Limits of Piecewise Functions...1

In order for the limit to exists, the following must take place:

lim (x + 1) as x tends 0 from the left = lim (x^2 + 1) as x tends to 0 from the right.

Let x = 0.

(x + 1) = (x^2 + 1)

(0 + 1) = ((0)^2 + 1)

1 = 1

So, I can now say that the limit of f(x) as x tends to 0 is 1.

You say?

If this is right, I post 5 more on my next day off.

 

no interesting limit points found
limit at x=0 is undefined, though left and right limits exist.

 

It's not right?

 

Please explain this! Why is there no limit at x= 0? It looks to me like the limit at x= 0 is 1 as nycmathguy said.

 

at x=0 , the left lim is -1 and the right limit is 1; so, different

Existence of a limit means that it has one definite and finite, real value ( in one dimensional case). If the left limit and right limit are different, then they are two different values and so the ""one value " criteria is violated. The left hand limit as well as the right hand limit of the function should be the same if the function is to have a limit.

 

True but this is a piecewise function. Why is my setting wrong?

 

you did this:
Let x = 0.

(x + 1) = (x^2 + 1)

(0 + 1) = ((0)^2 + 1)

1 = 1
just proof that both equations of piecewise function are equal IF x=0

but, conditions are
for x+1 given that x<=0
for x^2+1 given that x>0

 

I found a video online with the same problem.
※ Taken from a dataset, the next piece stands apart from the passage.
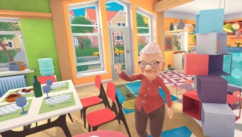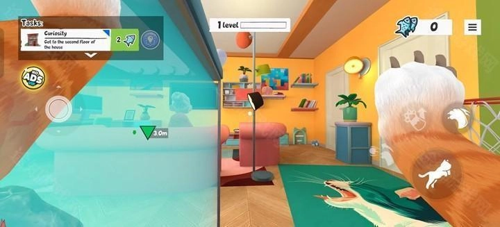 4、通过虚拟摇杆操控移动,滑动屏幕调整视角,破坏花瓶、偷吃食物、打翻物品,引发老太太追逐。

If I am wrong, so is the math teacher on YouTube.

 

try this one

https://www.desmos.com/calculator/9y8itvyshy

or copy this and past to wolfram alpha

lim(Piecewise[{{x+1, x<=0}, {x^2+1, x>0}}] )

 

Is the math teacher on YouTube wrong?

 

he is right about existence of the left and right limit that are same
but limit at x=0 is undefined, though left and right limits exist

 

I will post a few limits of piecewise functions on my next set of days off.